Half Way There....
Now you have a script that will teach Spam Assassin to recognize spam. But the Spam Assassin program won't activate the BAYES rules until it has learned at least 150-200 SPAM and 'ham' (non spam) messages.
The best way to compile that many messages is to have each user 'pre check' their email with HORDE before downloading messages to their computer.
To do this you must disable 'auto-checking' from your mail program (outlook express, etc). Then, open webmail for your account. Open the inbox, then select Folders. Create 2 new folders - SPAM and HAM. You must use those folder names exactly, because that is what the script is searching for.
Now, when you find a message that IS spam in your inbox, MOVE it to the SPAM folder.
And copy a bunch of your 'good' mail messages to the HAM folder. Copy is the best thing here, because the script will purge that folder after each run.
Of course, with HORDE you can look at the contents of these folders. They should have a similar number of messages in them when you start the process. As it runs, however, the spam folder will continue to contain older spam messages. The reason for this is that in the event Cpanel upgrades Spam Assassin, or your bayes-database gets corrupted for any other reason, you want to have a library of about 500 spam messages to 'relearn'. You should go through the SPAM folder every month or so and delete the oldest messages once you have 500 in the folder.
Personally, I try to have 40 HAM's in the folder each time the script runs on my domain - 3 times per week.
You can accumulate MORE spam by modifying the "autodelete" rule from the last section.
If you remove that rule and instead tell the mail filter to forward ALL MESSAGES scoring over 10 to a separate EMAIL address (mine is 'mailtrap'), then logging into the mail trap account every couple of days and moving 'his' messages to 'his' spam folder will help SA learn REAL spam...

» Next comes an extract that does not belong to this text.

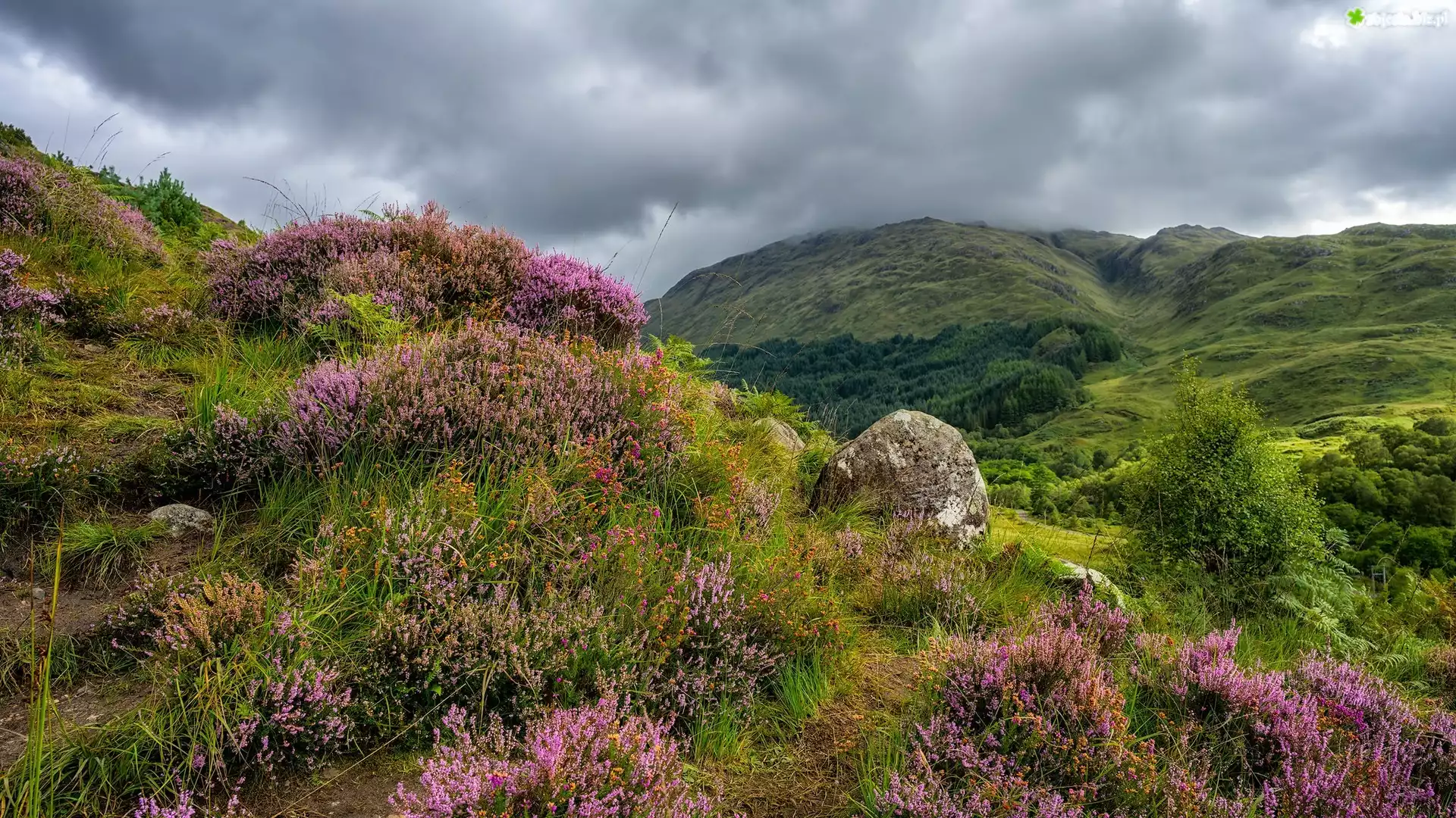 Zdjęcie Wrzosowisko, Góry, Chmury, Wrzosy, Kwiaty, Kamień, Głaz

If you get a message that is a FALSE POSITIVE - meaning it scored as spam but was not ment to be, make sure you copy that into the HAM folder.
Setting the Cron Job
Click the CRON JOB icon in Cpanel.
Click STANDARD mode. You'll see a screen like this:
Enter your mail address in the 'mail to' box
Set up your CRON job to run every couple of days at a certain time. I set mine up for NOON because a significant portion of SPAM seems to arrive between 11pm and 10 am... and I want to get it while it's fresh... So, if you set yours up to run 3 times a week (hold the CTRL key to select multiple days) your screen will look like this:
Press 'save crontab' button. NOTE - see the path? that is the 'userID' for cpanel that is wiped out there... so replace it with whatever yours is... this is the path to the learning script.
You're done.
If you've followed these instructions and mimicked my installation exactly, you'll have an email from the 'cron daemon' 3 times per week, telling you how many messages it processed:
Code:
Learning SPAM
Processing /home/youraccount/mail/domain-name/john/SPAM
Learned from 13 message(s) (110 message(s) examined).
Processing /home/youraccount/mail/domain-name/mailtrap/SPAM
Learned from 62 message(s) (138 message(s) examined).
Learning HAM
Processing /home/youraccount/mail/domain-name/john/HAM
Learned from 17 message(s) (20 message(s) examined).
Done
And as Bayes kicks in, you'll start seeing stuff like this in the message header...
Code:
Content analysis details: (6.4 points, 4.5 required)
pts rule name description
---- ---------------------- --------------------------------------------------
1.5 RCVD_NUMERIC_HELO Received: contains a numeric HELO
0.2 HTML_MESSAGE BODY: HTML included in message
1.7 BAYES_80 BODY: Bayesian spam probability is 80 to 90%
[score: 0.8364]
3.0 FORGED_RCVD_HELO Received: contains a forged HELO
Notice - without the BAYES score this message would not even have been flagged! We're succeeding in marking up MORE SPAM!
Thanks for listening... I hope you all enjoyed your lesson in 'how to make Spam Assassin work for you'.